A comprehensive Face Mask Detection System that uses state-of-the-art deep learning models to detect whether people are wearing masks. The system processes static images, video files, and live webcam feeds in real time.
The pipeline uses a two-stage approach: first, a Caffe DNN Single Shot MultiBox Detector (SSD) model detects all faces in the frame with 98%+ accuracy. Each detected face ROI is then cropped, preprocessed to 224×224 pixels, and classified as Mask / No Mask by a fine-tuned VGG16 model achieving 95%+ accuracy.

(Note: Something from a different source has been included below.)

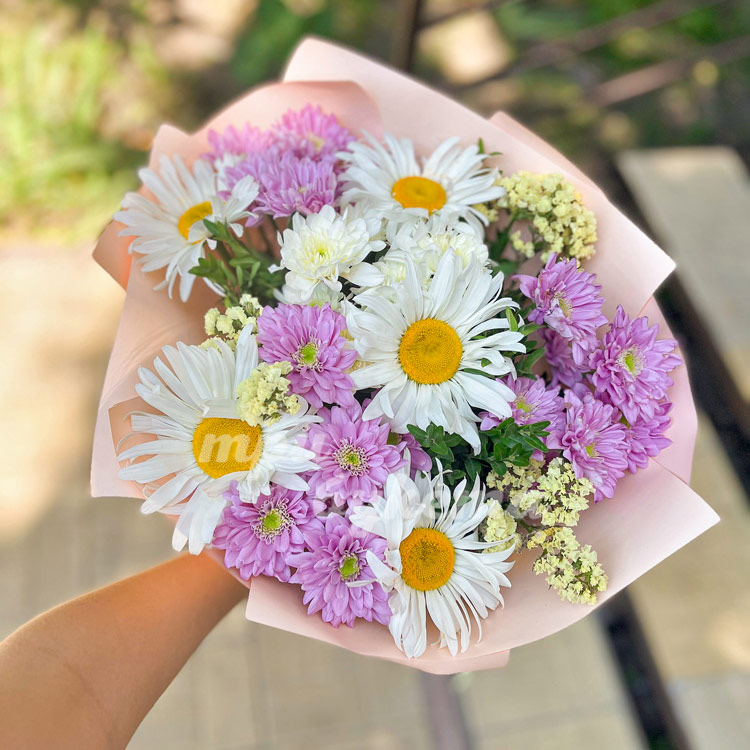 Букет из хризантем и нивяника
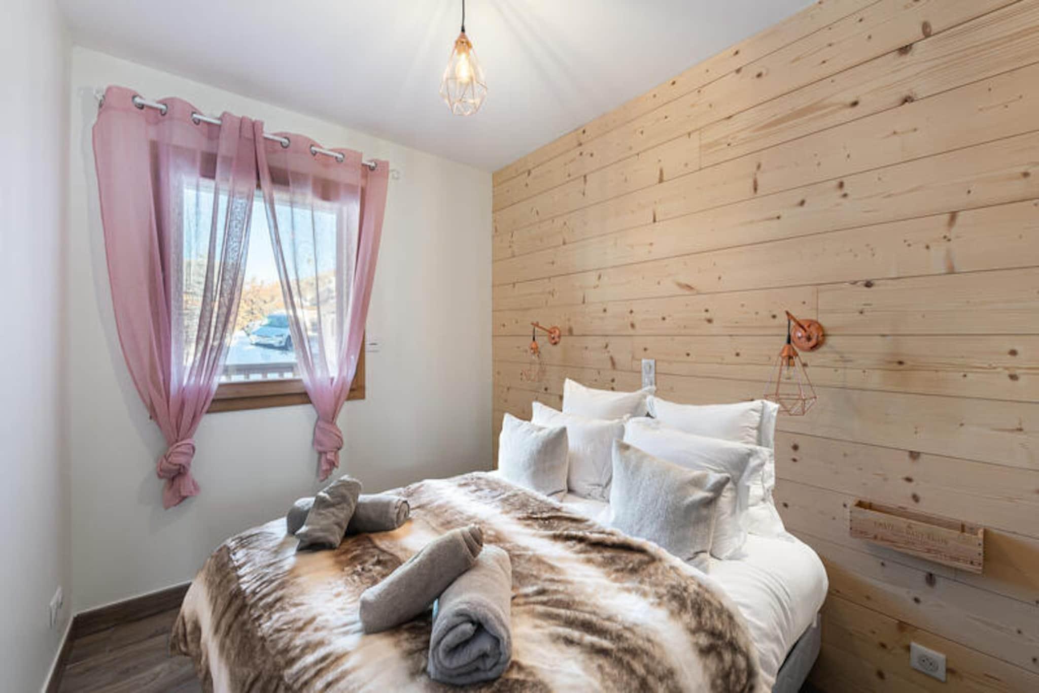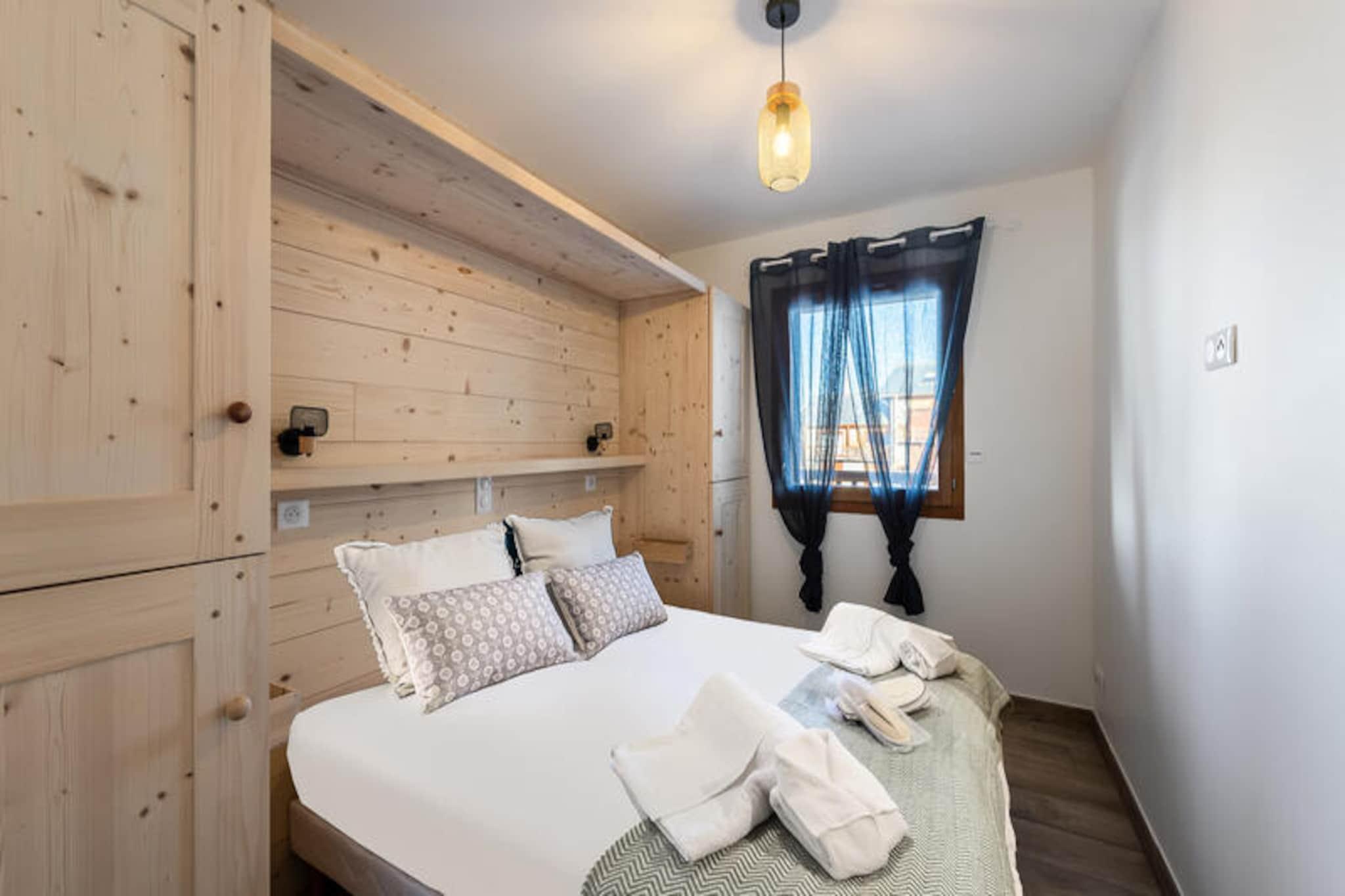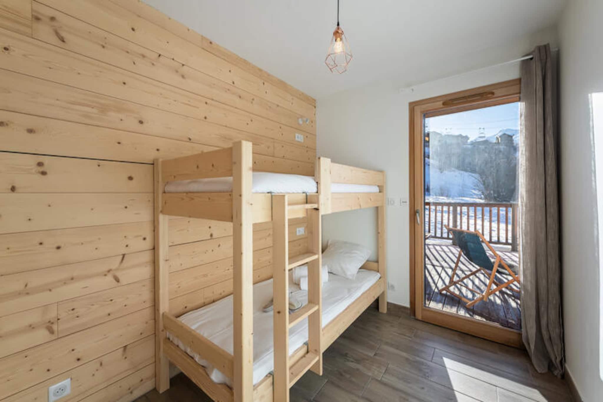I den fredfyldte landsby Levassaix, kun 1 km fra det pulserende Les Menuires, tilbyder Etoile 4-lejligheden et exceptionelt alpint tilflugtssted, hvor moderne luksus møder bjergenes charme. Med betagende udsigt og ægte ski-in/ski-out-adgang er denne bolig et paradis for både vintersportsentusiaster og naturelskere. Forestil dig at vågne op til den friske bjergluft, træde ud på din rummelige terrasse og kigge ud på de snedækkede tinder, før du tager direkte ud på pisterne for en dag med eventyr. \n\nDenne lejlighed, der har fået 5 Gold Snowflakes-vurderinger, er designet til både komfort og elegance og har plads til op til 8 gæster. Den har to dobbeltværelser med eget badeværelse med bruser, et tredje dobbeltværelse og et hyggeligt køjesengsværelse, der er perfekt til børn. Den åbne opholdsstue kan prale af et fuldt udstyret køkken, en indbydende stue og en spiseplads, der er ideel til at dele måltider og historier efter en dag på pisterne. Yderligere faciliteter inkluderer et vaskerum, et skirum og en garage med parkeringsplads, hvilket sikrer bekvemmelighed under hele dit ophold. Levassaix tilbyder en rolig tilflugtssted kun få øjeblikke fra den livlige atmosfære i Les Menuires. Udforsk det vidtstrakte skiområde Les Trois Vallées, nyd lokal savoyardsk mad, eller slap blot af i din luksuriøse lejlighed. Uanset om du er her for spændingen ved skiløb eller roen i bjergene, er Etoile 4 din port til uforglemmelige alpine minder.

The system is deployed as a Flask web application with a modern, responsive UI supporting photo upload, camera capture, video upload with background processing, and a live MJPEG webcam stream. The dataset (9,525 images) was published on Kaggle by the author and used for training, testing, and validation. Color-coded bounding boxes (green = mask, red = no mask) annotate the output in real time.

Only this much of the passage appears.